= 2017 Junior WRC Championship =

The 2017 FIA Junior WRC Championship was the fifth season of Junior WRC, a rallying championship governed by the Fédération Internationale de l'Automobile, running in support of the World Rally Championship.

The championship was open to drivers born after 1 January 1988, although no such restriction existed for co-drivers. They competed in identical one-litre Ford Fiesta R2s built and maintained by M-Sport, with DMACK tyres. Crews were also eligible to score points in WRC3. The championship was competed over six European WRC rounds. Nil Solans was crowned champion at the end of the season.

==Calendar==

The final 2017 Junior WRC Championship calendar consisted of six European events, taken from the 2017 World Rally Championship.

| Round | Dates |  | Rally name | Rally headquarters | Rally details |  |  |
| Start | Finish | Surface | Stages | Distance |
| 1 | 7 April | 9 April | Tour de Corse | Bastia, Haute-Corse | Tarmac | 10 | 316.76 km |
| 2 | 9 June | 11 June | ITA Rally Italia Sardegna | Alghero, Sardinia | Gravel | 19 | 312.66 km |
| 3 | 30 June | 2 July | POL Rally Poland | Mikołajki, Warmia-Masuria | Gravel | 23 | 318.47 km |
| 4 | 28 July | 30 July | FIN Rally Finland | Jyväskylä, Keski-Suomi | Gravel | 25 | 314.20 km |
| 5 | 18 August | 20 August | Rallye Deutschland | Trier, Rhineland-Palatinate | Tarmac | 21 | 309.17 km |
| 6 | 6 October | 8 October | Rally Catalunya | Salou, Tarragona | Mixed | 19 | 312.02 km |
Source:

==Entries==

The following crews competed in the championship.

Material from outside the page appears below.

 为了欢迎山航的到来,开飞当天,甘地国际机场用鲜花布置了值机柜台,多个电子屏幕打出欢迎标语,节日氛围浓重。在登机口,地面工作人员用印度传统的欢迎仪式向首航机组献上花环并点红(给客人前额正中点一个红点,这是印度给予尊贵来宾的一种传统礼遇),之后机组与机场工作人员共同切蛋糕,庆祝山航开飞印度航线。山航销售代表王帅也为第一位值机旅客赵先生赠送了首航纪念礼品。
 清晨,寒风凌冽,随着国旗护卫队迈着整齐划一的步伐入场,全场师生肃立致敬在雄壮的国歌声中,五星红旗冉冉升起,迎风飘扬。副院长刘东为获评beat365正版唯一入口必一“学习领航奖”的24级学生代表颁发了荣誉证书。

| Drivers | Co-drivers | Rounds |
| BOL Sebastian Careaga | ARG Claudio Bustos | 1 |
| SPA Rodrigo Sanjuan | 2–3 |
| FRA Nicolas Ciamin | Thibault de la Haye | 1–6 |
| IRE Robert Duggan | IRE Gerard Conway | 1 |
| GBR Tom Woodburn | 2 |
| FRA Terry Folb | FRA Christopher Guieu | 1–6 |
| FIN Emil Lindholm | FIN Tomi Tuominen | 3–4 |
| Miko-Ove Niinemaë | EST Martin Valter | 1–2 |
| SWE Dennis Rådström | SWE Johan Johansson | 1–4, 6 |
| SPA Nil Solans | SPA Miquel Ibáñez | 1–6 |
| GER Julius Tannert | AUT Jürgen Heigl | 1–6 |
| BEL William Wagner | FRA Kévin Parent | 1 |
| USA Dillon van Way | GBR Dai Roberts | 1–4 |
Source:

==Regulation changes==

The series will change from using Citroën DS3 R3Ts with Michelin tyres, to use Ford Fiesta R2 prepared by M-Sport with DMACK tyres.

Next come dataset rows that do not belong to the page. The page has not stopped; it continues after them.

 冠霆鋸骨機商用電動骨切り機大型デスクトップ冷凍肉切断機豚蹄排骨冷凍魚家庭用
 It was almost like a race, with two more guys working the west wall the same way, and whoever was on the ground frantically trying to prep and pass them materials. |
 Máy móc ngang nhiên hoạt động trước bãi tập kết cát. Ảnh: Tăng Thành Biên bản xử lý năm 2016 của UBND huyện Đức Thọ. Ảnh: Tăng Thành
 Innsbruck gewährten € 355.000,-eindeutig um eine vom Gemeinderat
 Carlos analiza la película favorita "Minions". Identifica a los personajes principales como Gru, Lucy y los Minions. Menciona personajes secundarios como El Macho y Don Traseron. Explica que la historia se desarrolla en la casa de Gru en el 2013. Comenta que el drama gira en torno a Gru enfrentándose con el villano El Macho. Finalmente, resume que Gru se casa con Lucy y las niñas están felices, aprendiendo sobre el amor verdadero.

The championship will also adopt the prize format of the Drive DMACK Fiesta Trophy in which the season will be divided into "stages" and a prize awarded to the top-placed driver in each stage (contrary to the previous Junior WRC Championship, in which there was only one prize). The driver with most points after the first two rallies will be awarded two drives in the 2018 WRC2 in a Ford Fiesta R5. The driver with most points scored in the second pair of rallies will win an equal prize, as will the top-placed driver in the third pair of rallies. Additionally, an extra prize drive will be awarded to the overall winner of the category.

==Season report==

The season started with the Tour de Corse where Nil Solans won the event from start to finish. After building a lead of more than 40 seconds in the first Leg, he managed he was chased by local Terry Folb, until a driveshaft problem made him lost his second place to fellow Frenchman Nicolas Ciamin.

==Results and standings==

===Season summary===

| Round | Event name | Winning driver | Winning co-driver | Winning time | Report |
|---|---|---|---|---|---|
| 1 | FRA Tour de Corse | Nil Solans | Miquel Ibáñez | 3:53:44.4 | Report |
| 2 | ITA Rally Italia Sardegna | Nil Solans | Miquel Ibáñez | 4:00:07.8 | Report |
| 3 | POL Rally Poland | SPA Nil Solans | SPA Miquel Ibáñez | 3:17:47.0 | Report |
| 4 | FIN Rally Finland | Nicolas Ciamin | Thibault de la Haye | 2:57:23.4 | Report |
| 5 | GER Rallye Deutschland | GER Julius Tannert | AUT Jürgen Heigl | 3:30:54.4 | Report |
| 6 | Rally Catalunya | SPA Nil Solans | SPA Miquel Ibáñez | 3:29:02.3 | Report |

===Scoring system===
Points are awarded to the top ten classified finishers. An additional point is given for every stage win. The best 5 classification results count towards the drivers’ and co-drivers’ totals, but stage points from all 6 rounds can be retained.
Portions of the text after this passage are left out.